DATA EXTRACT:
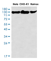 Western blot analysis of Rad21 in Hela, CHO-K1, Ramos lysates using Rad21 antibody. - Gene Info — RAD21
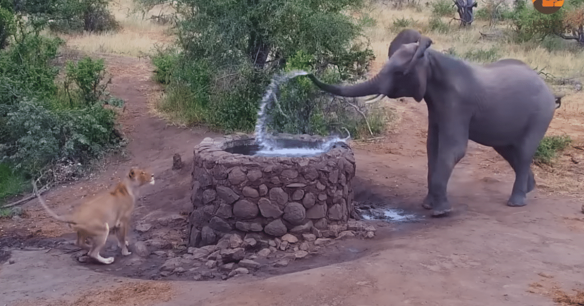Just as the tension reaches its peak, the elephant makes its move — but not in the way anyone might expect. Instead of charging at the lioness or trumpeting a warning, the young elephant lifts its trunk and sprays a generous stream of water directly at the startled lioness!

==

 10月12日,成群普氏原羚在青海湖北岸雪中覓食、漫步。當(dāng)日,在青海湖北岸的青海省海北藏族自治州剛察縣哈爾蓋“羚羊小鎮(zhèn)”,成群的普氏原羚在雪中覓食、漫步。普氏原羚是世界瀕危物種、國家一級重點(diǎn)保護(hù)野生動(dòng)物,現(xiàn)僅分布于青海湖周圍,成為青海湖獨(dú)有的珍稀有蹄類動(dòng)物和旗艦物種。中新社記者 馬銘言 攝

WHAT TO DO: Print nothing except the lines above from the one containing "Western blot analysis" down to the one containing "Just as the", both included, exactly as written and free of pictures.

TASK RESULT:
 Western blot analysis of Rad21 in Hela, CHO-K1, Ramos lysates using Rad21 antibody. - Gene Info — RAD21
Just as the tension reaches its peak, the elephant makes its move — but not in the way anyone might expect. Instead of charging at the lioness or trumpeting a warning, the young elephant lifts its trunk and sprays a generous stream of water directly at the startled lioness!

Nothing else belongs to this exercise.